** Data section follows **

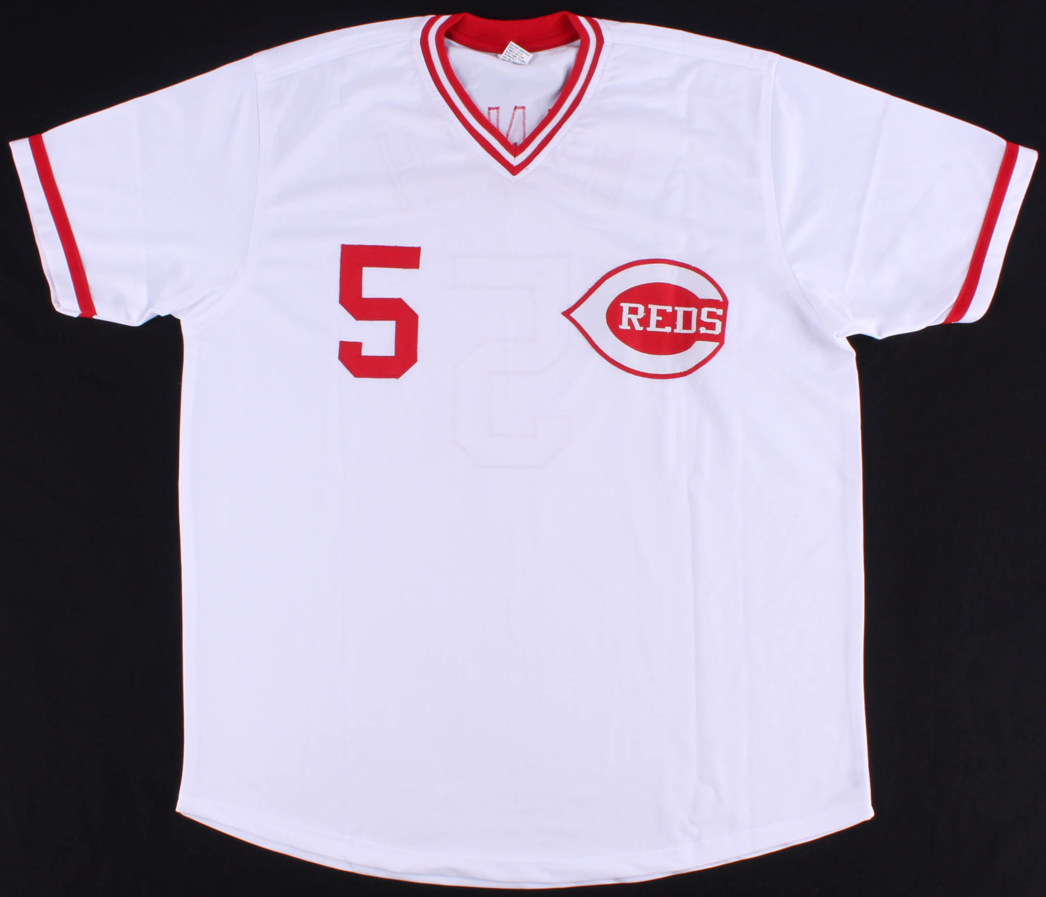 Custom on-field style jersey. Everything sewn on, size XL. Hand signed in silver paint pen by Johnny Bench (HOF).
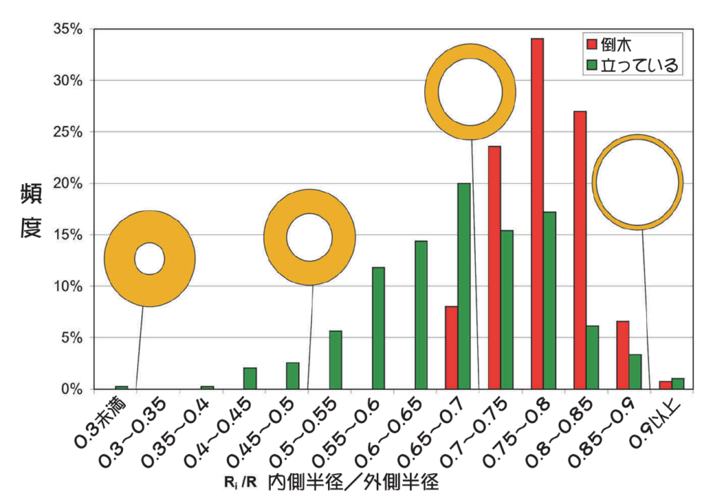 世界中で行った野外調査の結果は、半径70%以上に腐朽(空洞)が及ぶと急速に空洞樹木の倒伏率が上昇することを示している。
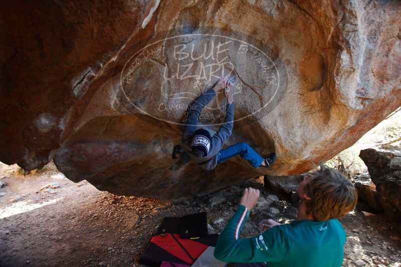 Blue Lizard Climbing and Yoga Hueco Tanks guiding, Kyle, Sam, and Sophie, on December 25, 2016

** End of Data section **

(Your goal): Once more, please print all the lines above exactly, without their pictures.

(Answer to this exercise):
 Custom on-field style jersey. Everything sewn on, size XL. Hand signed in silver paint pen by Johnny Bench (HOF).
 世界中で行った野外調査の結果は、半径70%以上に腐朽(空洞)が及ぶと急速に空洞樹木の倒伏率が上昇することを示している。
 Blue Lizard Climbing and Yoga Hueco Tanks guiding, Kyle, Sam, and Sophie, on December 25, 2016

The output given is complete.